● **DATA EXCERPT**:

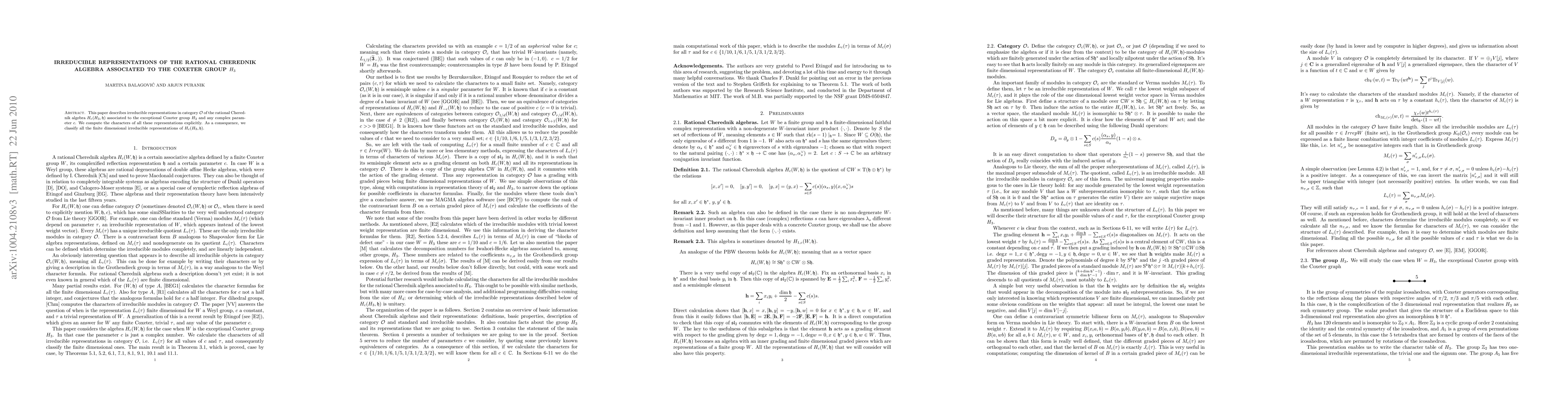 This paper classifies all finite-dimensional irreducible representations of the rational Cherednik algebra H_c(H_3,h) associated with the Coxeter group H_3, explicitly computing their characters within category O.
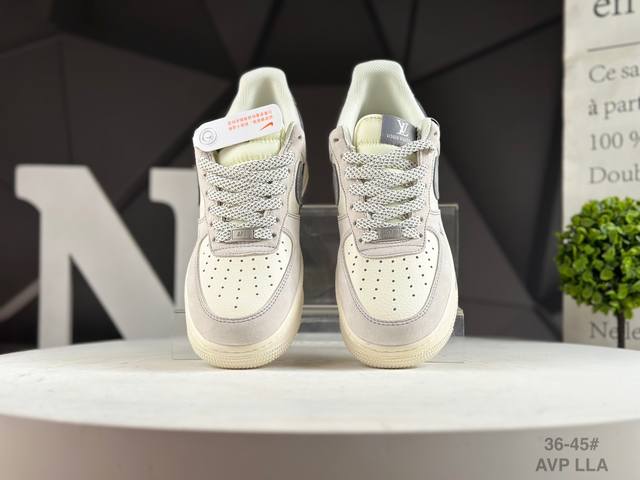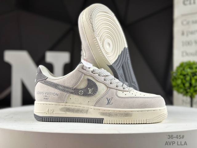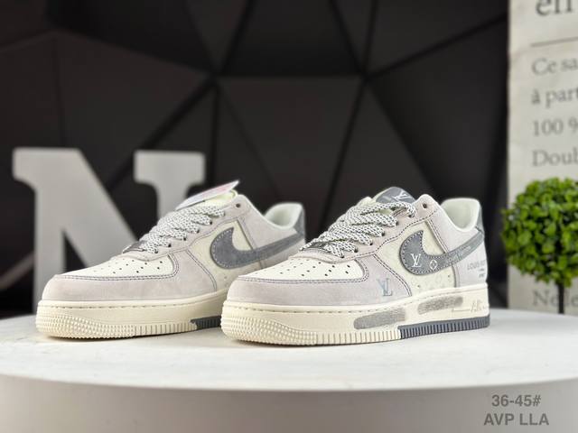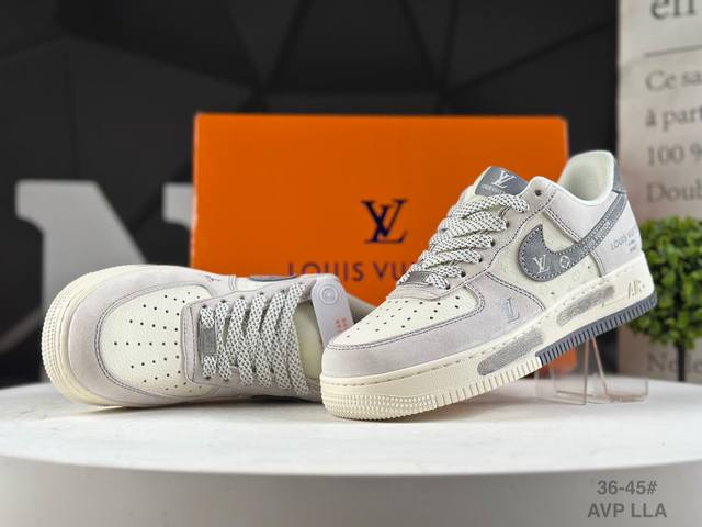 Company-level Nike Air Force 1 '07 Low "Lv Joint Double Gray Graffiti" Air Force One low-top sports shoes casual shoes with difficult hemming and sewing process. Original last, original cardboard, original shoe box, customized hardware accessories, built-in full-palm air cushion, original sole
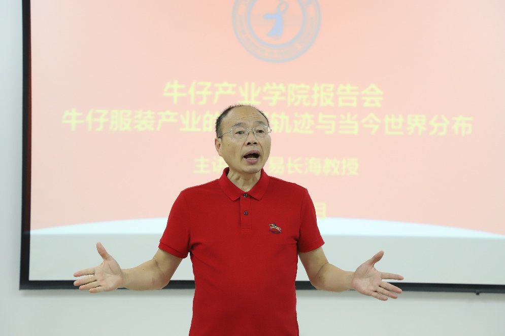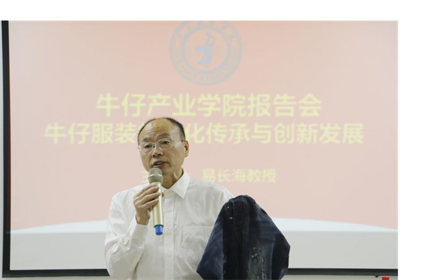 图1易长海教授做“牛仔服装的文化传承与创新发展”主题报告
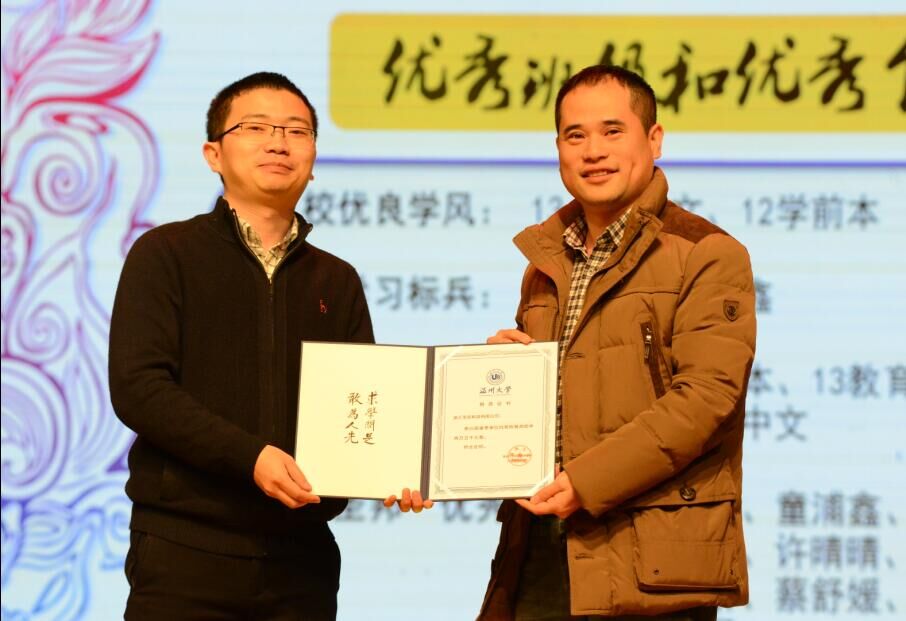 在学科与专业建设、教学工作、学生工作、文化建设等方面取得的可喜成绩,对获奖者和指导老师表示热烈祝贺,也对这些努力进取、爱岗敬业、对学院学校贡献突出的先进集体和个人,表示诚挚的谢意。“世界不曾亏欠每一个努力的人!”,最后郑院长预祝2016年全院师生能坚持奋发图强,再创新的辉煌!为了鼓励优秀老师和优秀学子,随后进行了学风表彰,教师91吃瓜

● **TASK DESCRIPTION**: Your task is to output the material word for word while leaving out every image.

● **RESPONSE AREA**:
 This paper classifies all finite-dimensional irreducible representations of the rational Cherednik algebra H_c(H_3,h) associated with the Coxeter group H_3, explicitly computing their characters within category O.
 Company-level Nike Air Force 1 '07 Low "Lv Joint Double Gray Graffiti" Air Force One low-top sports shoes casual shoes with difficult hemming and sewing process. Original last, original cardboard, original shoe box, customized hardware accessories, built-in full-palm air cushion, original sole
 图1易长海教授做“牛仔服装的文化传承与创新发展”主题报告
 在学科与专业建设、教学工作、学生工作、文化建设等方面取得的可喜成绩,对获奖者和指导老师表示热烈祝贺,也对这些努力进取、爱岗敬业、对学院学校贡献突出的先进集体和个人,表示诚挚的谢意。“世界不曾亏欠每一个努力的人!”,最后郑院长预祝2016年全院师生能坚持奋发图强,再创新的辉煌!为了鼓励优秀老师和优秀学子,随后进行了学风表彰,教师91吃瓜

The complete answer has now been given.